## TASK REQUIREMENTS
Images do not belong in the copy; retype the rest of the entries below exactly.

## Stored items from a collection

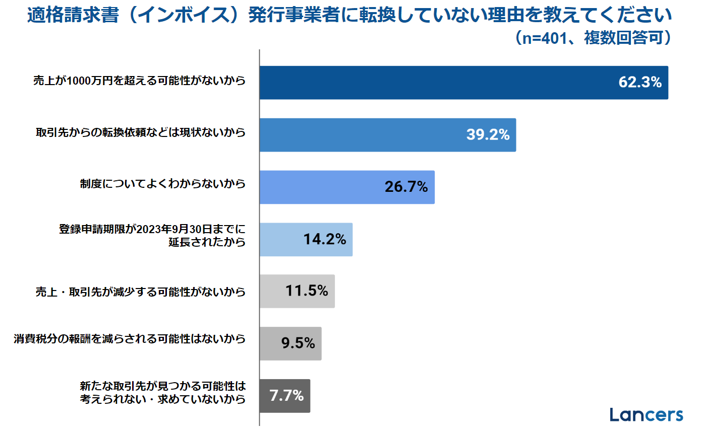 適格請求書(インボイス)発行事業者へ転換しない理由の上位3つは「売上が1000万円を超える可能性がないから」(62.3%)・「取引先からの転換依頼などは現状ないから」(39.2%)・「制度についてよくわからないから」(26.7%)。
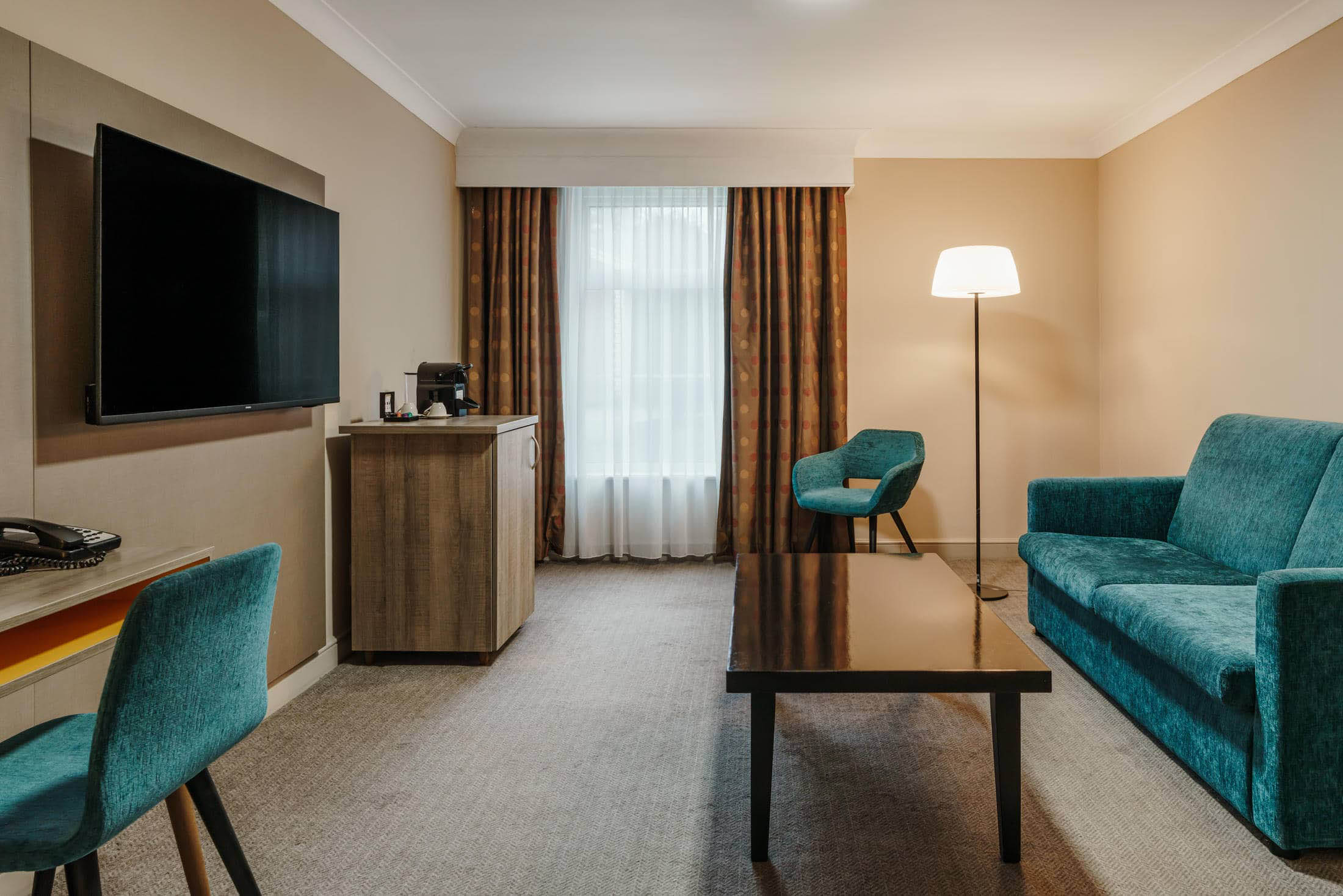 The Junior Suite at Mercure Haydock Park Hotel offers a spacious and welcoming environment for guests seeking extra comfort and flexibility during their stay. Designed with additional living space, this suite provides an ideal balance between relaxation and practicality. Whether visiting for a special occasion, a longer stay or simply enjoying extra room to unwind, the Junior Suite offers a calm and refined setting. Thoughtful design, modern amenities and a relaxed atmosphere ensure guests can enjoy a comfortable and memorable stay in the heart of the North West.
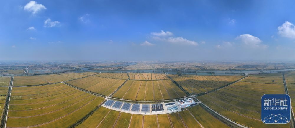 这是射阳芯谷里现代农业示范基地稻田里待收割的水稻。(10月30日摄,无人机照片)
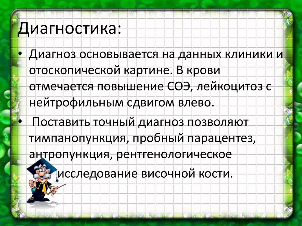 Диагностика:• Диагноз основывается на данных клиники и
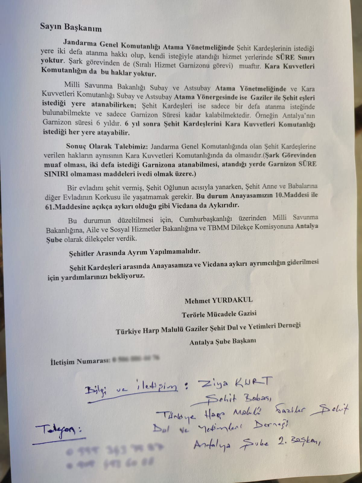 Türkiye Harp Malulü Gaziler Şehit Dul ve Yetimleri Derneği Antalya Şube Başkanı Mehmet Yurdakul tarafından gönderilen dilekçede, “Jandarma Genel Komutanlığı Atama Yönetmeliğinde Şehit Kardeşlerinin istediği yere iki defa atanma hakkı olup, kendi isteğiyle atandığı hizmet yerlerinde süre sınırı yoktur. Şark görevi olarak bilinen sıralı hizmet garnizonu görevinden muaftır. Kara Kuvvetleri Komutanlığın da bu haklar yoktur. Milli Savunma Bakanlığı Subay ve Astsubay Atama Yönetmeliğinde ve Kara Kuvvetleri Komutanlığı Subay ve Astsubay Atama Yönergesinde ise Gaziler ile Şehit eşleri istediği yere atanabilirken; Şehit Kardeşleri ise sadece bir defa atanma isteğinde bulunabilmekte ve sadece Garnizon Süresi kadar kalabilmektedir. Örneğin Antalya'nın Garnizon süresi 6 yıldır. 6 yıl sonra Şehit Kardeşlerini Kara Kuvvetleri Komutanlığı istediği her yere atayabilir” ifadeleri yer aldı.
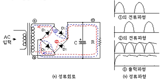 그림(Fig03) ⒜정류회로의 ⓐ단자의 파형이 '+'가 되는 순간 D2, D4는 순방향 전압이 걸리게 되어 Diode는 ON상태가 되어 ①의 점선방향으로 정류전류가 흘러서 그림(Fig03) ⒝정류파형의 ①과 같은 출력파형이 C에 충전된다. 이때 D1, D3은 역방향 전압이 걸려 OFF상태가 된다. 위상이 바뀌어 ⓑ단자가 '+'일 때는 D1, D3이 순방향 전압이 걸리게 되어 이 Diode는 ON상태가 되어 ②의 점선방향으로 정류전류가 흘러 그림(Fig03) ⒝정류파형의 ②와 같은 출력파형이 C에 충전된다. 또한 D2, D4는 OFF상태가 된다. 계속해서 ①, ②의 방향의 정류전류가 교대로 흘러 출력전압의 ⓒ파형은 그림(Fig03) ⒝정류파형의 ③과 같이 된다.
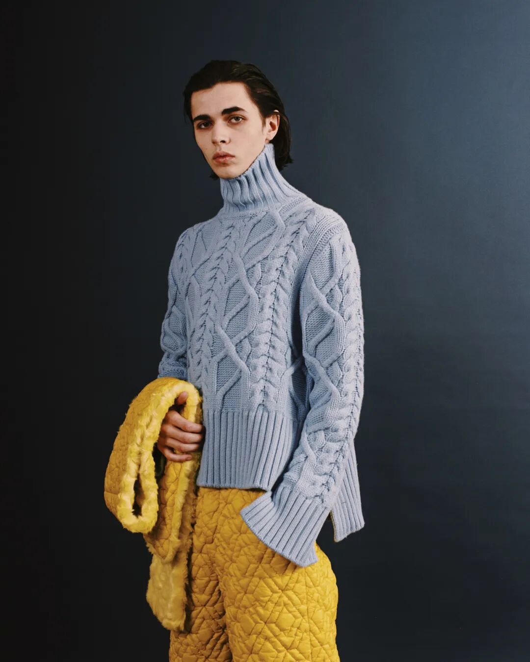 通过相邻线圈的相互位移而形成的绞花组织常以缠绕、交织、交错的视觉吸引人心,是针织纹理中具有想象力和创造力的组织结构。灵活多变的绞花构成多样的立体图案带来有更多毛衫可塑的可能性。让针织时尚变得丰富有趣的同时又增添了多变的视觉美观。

## TASK RESPONSE
 適格請求書(インボイス)発行事業者へ転換しない理由の上位3つは「売上が1000万円を超える可能性がないから」(62.3%)・「取引先からの転換依頼などは現状ないから」(39.2%)・「制度についてよくわからないから」(26.7%)。
 The Junior Suite at Mercure Haydock Park Hotel offers a spacious and welcoming environment for guests seeking extra comfort and flexibility during their stay. Designed with additional living space, this suite provides an ideal balance between relaxation and practicality. Whether visiting for a special occasion, a longer stay or simply enjoying extra room to unwind, the Junior Suite offers a calm and refined setting. Thoughtful design, modern amenities and a relaxed atmosphere ensure guests can enjoy a comfortable and memorable stay in the heart of the North West.
 这是射阳芯谷里现代农业示范基地稻田里待收割的水稻。(10月30日摄,无人机照片)
 Диагностика:• Диагноз основывается на данных клиники и
 Türkiye Harp Malulü Gaziler Şehit Dul ve Yetimleri Derneği Antalya Şube Başkanı Mehmet Yurdakul tarafından gönderilen dilekçede, “Jandarma Genel Komutanlığı Atama Yönetmeliğinde Şehit Kardeşlerinin istediği yere iki defa atanma hakkı olup, kendi isteğiyle atandığı hizmet yerlerinde süre sınırı yoktur. Şark görevi olarak bilinen sıralı hizmet garnizonu görevinden muaftır. Kara Kuvvetleri Komutanlığın da bu haklar yoktur. Milli Savunma Bakanlığı Subay ve Astsubay Atama Yönetmeliğinde ve Kara Kuvvetleri Komutanlığı Subay ve Astsubay Atama Yönergesinde ise Gaziler ile Şehit eşleri istediği yere atanabilirken; Şehit Kardeşleri ise sadece bir defa atanma isteğinde bulunabilmekte ve sadece Garnizon Süresi kadar kalabilmektedir. Örneğin Antalya'nın Garnizon süresi 6 yıldır. 6 yıl sonra Şehit Kardeşlerini Kara Kuvvetleri Komutanlığı istediği her yere atayabilir” ifadeleri yer aldı.
 그림(Fig03) ⒜정류회로의 ⓐ단자의 파형이 '+'가 되는 순간 D2, D4는 순방향 전압이 걸리게 되어 Diode는 ON상태가 되어 ①의 점선방향으로 정류전류가 흘러서 그림(Fig03) ⒝정류파형의 ①과 같은 출력파형이 C에 충전된다. 이때 D1, D3은 역방향 전압이 걸려 OFF상태가 된다. 위상이 바뀌어 ⓑ단자가 '+'일 때는 D1, D3이 순방향 전압이 걸리게 되어 이 Diode는 ON상태가 되어 ②의 점선방향으로 정류전류가 흘러 그림(Fig03) ⒝정류파형의 ②와 같은 출력파형이 C에 충전된다. 또한 D2, D4는 OFF상태가 된다. 계속해서 ①, ②의 방향의 정류전류가 교대로 흘러 출력전압의 ⓒ파형은 그림(Fig03) ⒝정류파형의 ③과 같이 된다.
 通过相邻线圈的相互位移而形成的绞花组织常以缠绕、交织、交错的视觉吸引人心,是针织纹理中具有想象力和创造力的组织结构。灵活多变的绞花构成多样的立体图案带来有更多毛衫可塑的可能性。让针织时尚变得丰富有趣的同时又增添了多变的视觉美观。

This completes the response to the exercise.